L'investissement dans la formation sera dans le même temps multiplié par trois. Cette transformation durera ces trois prochaines années et sera assurée dans le cadre d'un nouveau pacte social que j'ai proposé aux partenaires sociaux, avec lesquels nous devrions, dès la prochaine rentrée, négocier un accord de gestion des parcours et des emplois professionnels destiné à accompagner la transformation des métiers et des compétences au sein de l'entreprise. Cet accord se traduira également par un certain nombre de départs volontaires ; une fourchette entre 270 et 390 départs volontaires a d'ailleurs été annoncée aux partenaires sociaux la semaine dernière. L'ampleur de ces départs dépendra cependant de notre capacité de négociation sur l'organisation du temps de travail qui représente un sujet d'importance pour Radio France où tout est produit en interne.

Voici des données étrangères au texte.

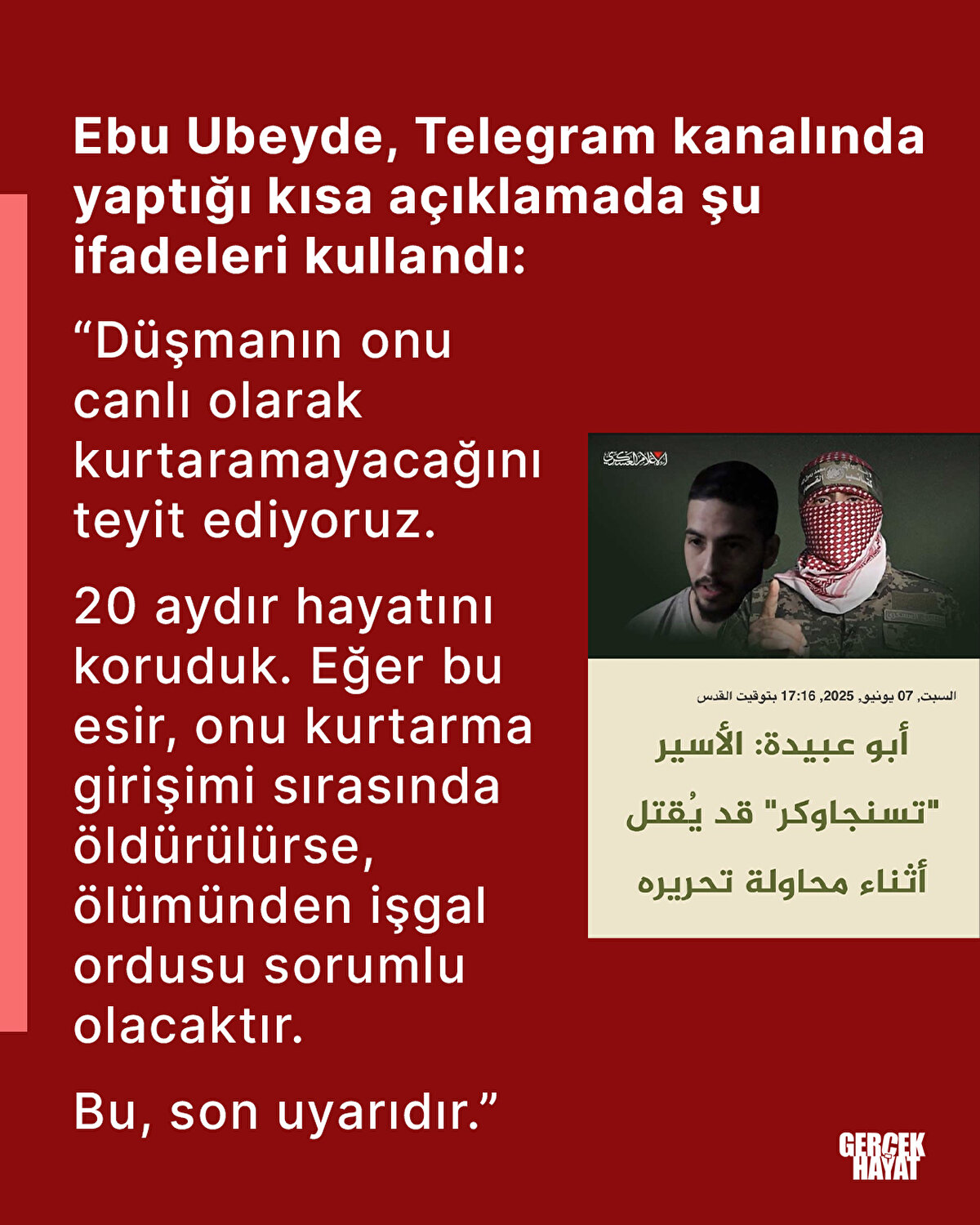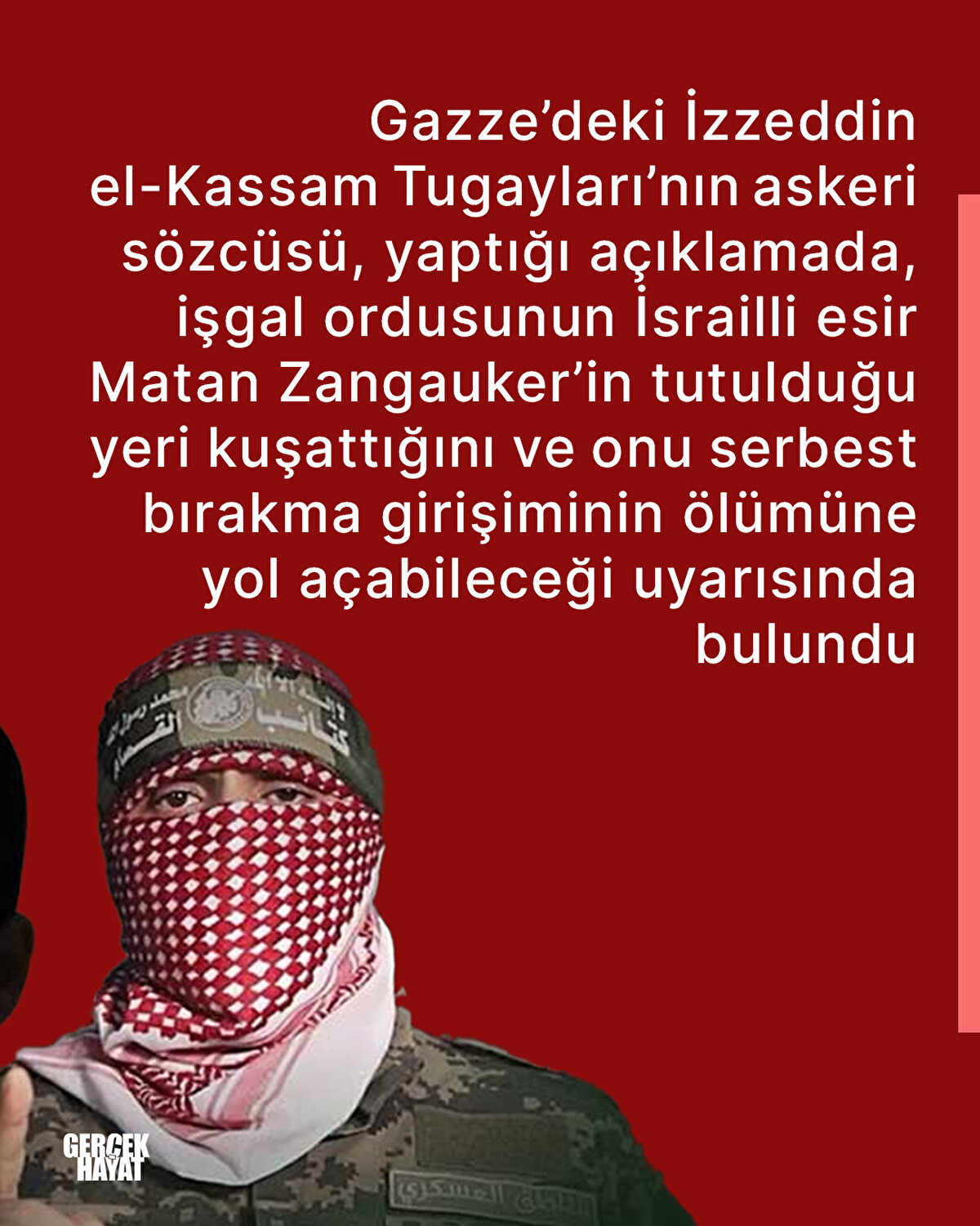 Gazze'deki İzzeddin el-Kassam Tugayları'nın askeri sözcüsü, yaptığı açıklamada, işgal ordusunun İsrailli esir Matan Zangauker'in tutulduğu yeri kuşattığını ve onu serbest bırakma girişiminin ölümüne yol açabileceği uyarısında bulunduEbu Ubeyde, Telegram kanalında yaptığı kısa açıklamada şu ifadeleri kullandı:

En effet, les rythmes des équipes sont organisés pour répondre à une activité qui se déroule en continu. Il nous faut ainsi travailler avec les partenaires sociaux sur à la fois les règles et les pratiques, de manière à les faire converger vers les meilleurs standards en vigueur dans les autres entreprises du secteur et à assurer, en retour, l'adéquation complète entre nos moyens et nos activités. Cette négociation devrait nous occuper fortement dans les mois à venir.
Le moment est venu de conduire cette transformation ambitieuse et longue. Aujourd'hui, nos résultats, en termes d'audience, sont historiques. 15 millions de Français écoutent quotidiennement une radio de notre entreprise ; France inter est devenue la première radio en France, les audiences de France info sont au même niveau que lors de la dernière élection présidentielle et les audiences de France musique viennent de dépasser celles de sa concurrente privée. De tels résultats traduisent les efforts et le travail poursuivis ces dernières années. C'est pourquoi, cette transformation est requise pour demeurer à ce niveau élevé, afin de construire l'avenir.
En outre, durant ces dernières années, le redressement financier de Radio France a été conduit, notamment grâce au contrat d'objectifs et de moyens (COM). D'ailleurs, depuis ces trois dernières années, nous avons clôturé nos exercices avec des résultats excédant les attentes du COM et en 2018, nous avons terminé l'année avec un résultat positif de plus de 7 millions d'euros, au lieu des 0,5 million d'euros prévu.
Enfin, s'agissant du chantier de réhabilitation, nous avons engagé une réorganisation du pilotage de ce chantier que j'avais eu l'occasion d'évoquer devant vous, lors de mon audition de l'année passée. Nous ne nous contentons plus d'estimer les retards engrangés. A l'inverse, nous nous sommes fixés un objectif de coûts et de délais que nous respectons.
C'est quand on va bien qu'il faut préparer l'avenir et c'est ce que nous nous efforçons de faire aujourd'hui. Je vous remercie de votre attention et me tiens à votre disposition pour répondre à toutes vos questions.